The confusion matrix shows how often a model made a correct classification. For example, here we see the “request_create_event” intent was misclassified as “ask_schedule”, “chitchat”, and “inform”. It is acceptable to be classified as “inform” as that leads to the same response; however, “ask_schedule” and “chitchat” will lead to different storylines.

DIETClassifier report

In the beginning stage of our model, the f1-score of location and summary are relatively low, 60% and 39% respectively. Though after we provided over 150 samples for each of them, the location f1-score reached 74%.

However, the summary f-1 score can reach 60% only. We tried adding more training data but we slowly realized that the ways of titling an event are too vast so it’s hard to detect a pattern. Therefore, the results for the summary were not ideal.

Conclusion

As people are always looking for ways to incorporate fun into boring tasks, we created CLERKbot to bring convenience in an efficient way but also a pleasure to talk to. We target those who prefer to text their assistant rather than saying commands out loud where everyone around you can hear.

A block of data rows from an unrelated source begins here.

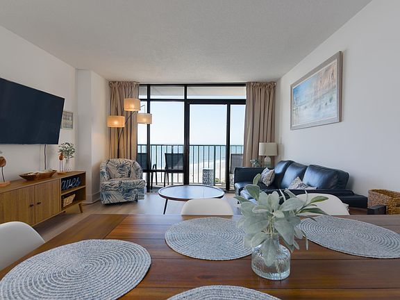 A rare opportunity to own your own piece of paradise. A million dollar views can be seen from this gorgeous lockout unit from 11th floor of this tastefully decorated and recently renovated condo. This condo is located in one of the most desirable Sand Dunes Resort oceanfront buildings. The unit comes fully furnished with fully equipped kitchen and quartz countertops, porcelain tile backsplash, soft close cabinets, stainless steel appliances, cooktop, convection microwave, Keurig coffee maker, washer and dryer, Carrera marble countertops in the bathrooms, the only unit with kitchenettes in the second unit, and two private balconies. Great investment opportunity as each side can be rented out together or individually. Sand Dunes Resort offers too many amenities to mention: indoor & outdoor pools, a Fun Zone, hot tubs, lazy river, a spa, fitness club, and on -site oceanfront restaurant, a store, and a water park. Do not wait to call this “Carolina Beach”condo yours.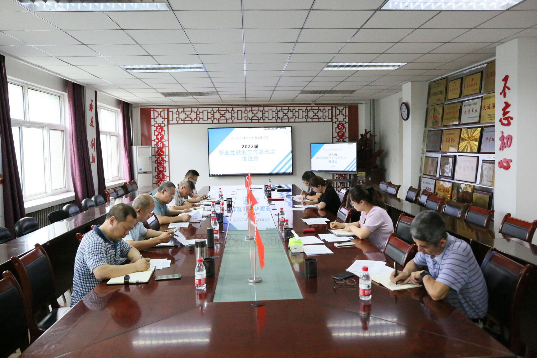 2022届毕业生就业工作第五次推进会在学院415会议室召开,召开此次推进会目的在于统一思想,整合力量,进一步夯实就业责任,全力推进就业工作。全体院领导、各系支部书记、系主任及学生工作办公室就业负责人员现场参会,未落实就业去向的研究生导师和本科生精准帮扶教师以线上方式参加。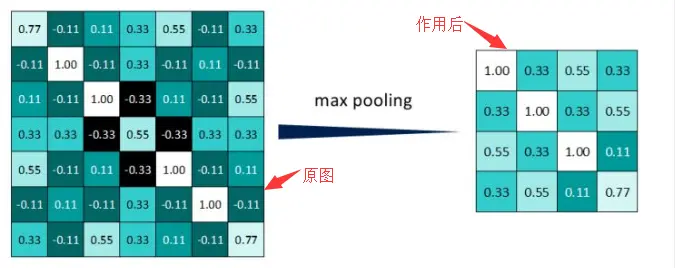 为什么要有池化层呢?那是因为进过卷积操作之后,得到了许多张有着不同值得特征图。而池化的目的就是减少数据量。池化分为最大池化(Max Pooling)、平均池化(Average Pooling),最大池化就是取最大值,平均池化就是取平均值。接下来我们拿最大池化举例:选择池化尺寸为2X2的窗口。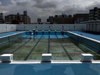 6月下旬からプールの授業が始まります。防火用にプール内に水を溜めておかねばならないので、1年間で藻が生え放題です。
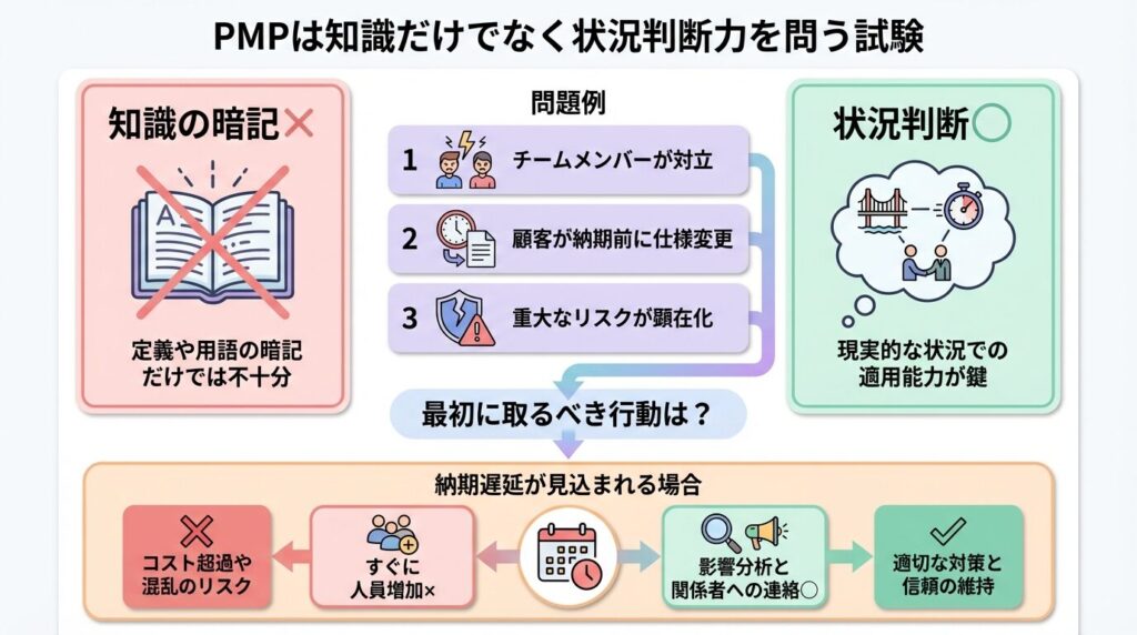 PMP試験では、定義や用語を覚えているだけでは正解できません。問題文には具体的な場面が提示されます。たとえば、「チームメンバー同士が対立している」「顧客が納期直前に仕様変更を求めている」「重大なリスクが顕在化した」といった状況です。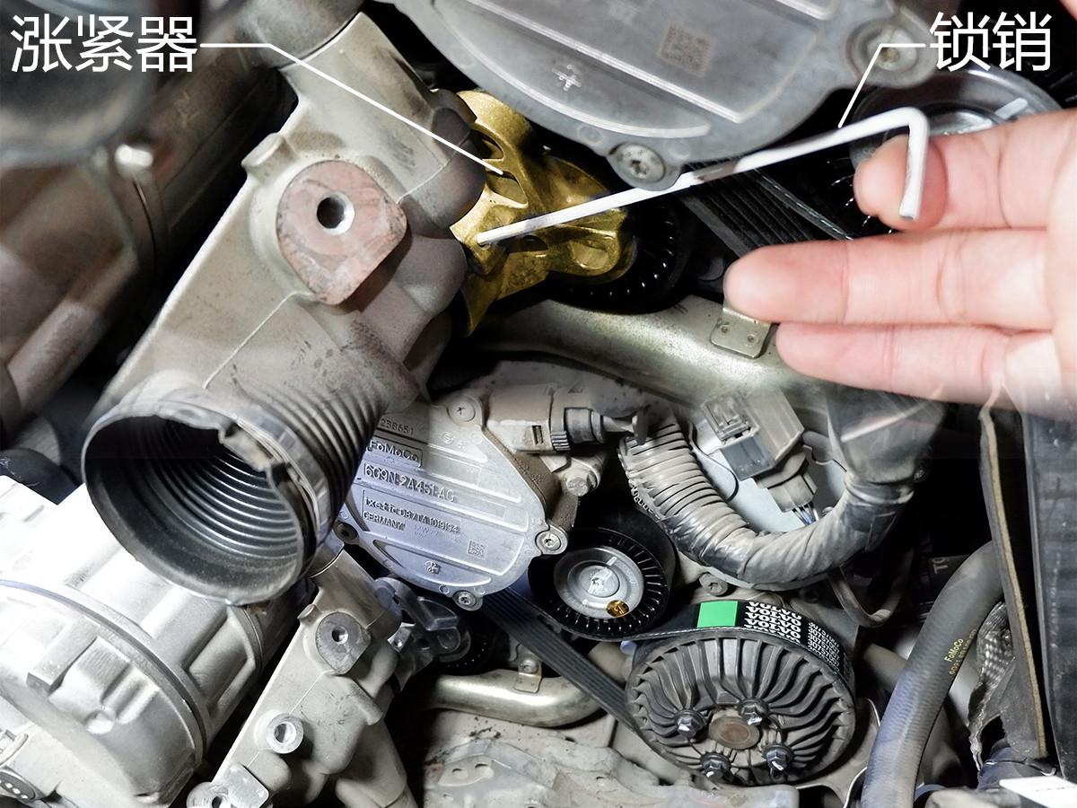 皮带安装到位后,打开涨紧器的锁销,附件皮带会自动张紧。当然,你也要检查所有的皮带和从动轮是否贴紧。即使只有一个从动轮不合适,皮带也会在发动机启动后一分钟内报废。别惊讶,就是这速度~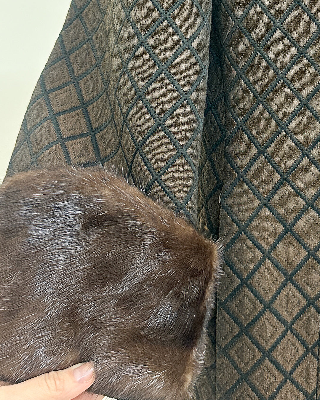 Rich, regal, and ready for winter in the city, The Park Avenue Snowfall Coat is a jacquard dream designed for elegant cold-weather nights. Its textured woven pattern catches the light like fresh snow, while the plush fur collar and cuffs add a luxurious warmth straight out of mid-century Manhattan. Tailored, structured, and irresistibly dramatic, this coat feels at home drifting past Bergdorf’s windows, stepping out of a taxi on Madison, or wandering through Central Park after the first dusting of snow.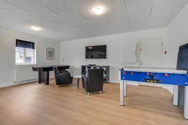 Husets primære rum er det store køkkenhjørne som er kombineret med en stor, rummelig opholdsstue med gulvvarme, spiseplads og gode muligheder for afslapning. Køkkenet er fuldt udstyret og der kan nemt laves en fantastisk middag til alle husets beboere. I de dejlige møbler kan man nyde såvel danske som tyske kanaler på fjernsynet, hvor der også kan afspilles DVD. På de kølige aftener kan der tændes op i brændeovnen, som giver ekstra hygge. Huset har stor wellnessafdeling med stor lækker swimmingpool med ruchebane, sauna og spabad. Der er 4 badeværelser som alle har både toilet, brus og gulvvarme. I stueetagen er der 4 soveværelser til 8 personer og på første sal er der yderligere en dejlig opholdsstue med TV, 5 soveværelse til 10 personer samt en stor hems med 6 sovepladser. på 1. sal er der også et badeværelse med en dejligt badekar. Er du til aktivitet så er huset aktivitetsrum lige noget for dig. Billardbord, bordfodbold, airhockey, playstation 3 og bordtennis er blandt nogle af rummets muligheder.

As for future improvement, we plan on working on a few things: 1. We plan to deploy on more popular chat channels such as WhatsApp and Facebook Messenger. 2. Improve the flow of the conversation and response accuracy. 3. Allow users to connect to their own calendars. 4. Refine the functions of Clerkbot so that it can learn the user’s preferences and habits.

Due to the time constraint and the fact that this is our first attempt at creating a chatbot, we are fully aware that this chatbot is far from perfect and the room for improvement is endless. Please feel free to point out any mistakes. Any suggestions are welcome!